When the matter came back to the board, Third District Supervisor Mike Wilson took advantage of the technology available through the Zoom-enabled meeting to share his computer screen, displaying photos and schematic drawings while arguing at length against the billboard. 

“What’s being asked of us is to grant an entitlement,” he said. “It’s not a vested right. We’re being asked to balance whether or not that is an appropriate thing for us to do for a nonconforming use. … We’re supposed to be protecting public trust resources for the public benefit.”

He went on to question the accuracy of the design specs and the accountability for claims made by the project engineer.

Following his comments, First District Supervisor Rex Bohn resumed the opposing stance, which he’d established at the previous meeting. He argued that the public trust doctrine doesn’t really apply here because the sign is on private property. And besides, he said, the billboard does provide a public benefit in that it supports the businesses that advertise on it — not to mention Wills’ business. Bohn said the board had asked for some specific questions to be answered at the previous hearing, and they’d all been answered satisfactorily. 

“I see no reason to go against staff [recommendations],” Bohn said. 

Fourth District Supervisor Virginia Bass took a bit of a step back, recounting her tenure on the Eureka City Council, when billboards were frequently a hot topic. She argued for “a comprehensive plan” to address the fate of nonconforming billboards countywide and said she’d like to see an agreement to eventually bring down not just this billboard but two others in the vicinity. 

Wilson made a motion to grant a permit for the billboard that would expire in five years.

Second District Supervisor Estelle Fennell said she wasn’t comfortable with such a short time period, saying it seemed like “underlying this [proposal] is a basic dislike of the billboard.” She suggested making it a 10-year timetable. 

Fifth District Supervisor Steve Madrone, who’d been silent to this point in the debate, said he’d prefer not to allow the sign’s reconstruction at all. Wilson chimed in to again suggest his five-year permit proposal, suggesting that it would represent a compromise between Fennell’s suggested 10-year period and Madrone’s zero. 
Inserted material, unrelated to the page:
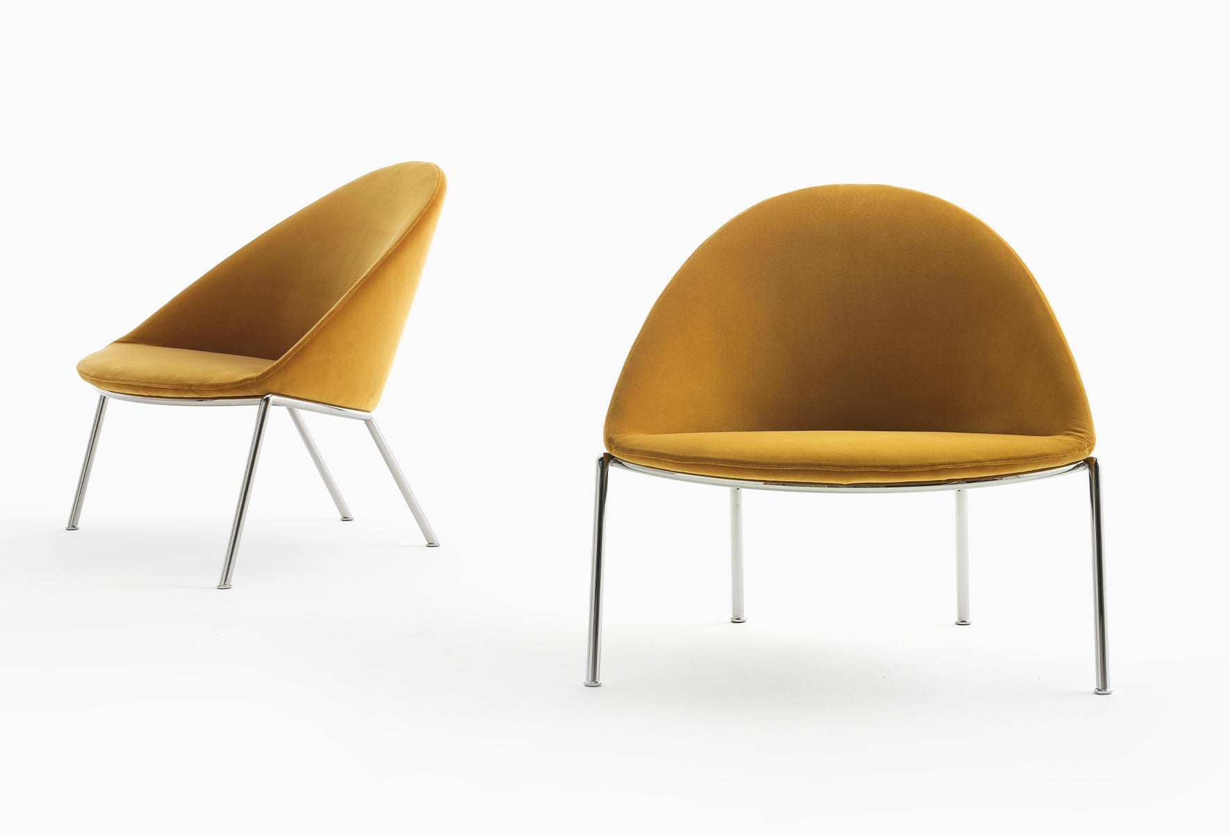 Available with armrest or as a highback variant. This chair also has a selection of metal finish options, from chromed, black nickel, bronzato and graphite.

Fennell didn’t much care for that idea, saying five years didn’t seem fair to Wills. 

At the suggestion of Planning and Building Director John Ford, the motion that the board wound up voting on included an indemnification agreement as a condition of approval. Thus, Wills must agree not to sue the county in order to get his permit. Staff will also write up a series of findings to support the five-year permit decision, which was approved by Wilson, Bass and Madrone, with Bohn and Fennell dissenting. The decision will become codified at a future meeting, where this item will likely appear on the board’s consent calendar.

A voicemail left for Wills was not returned by the time this post was published.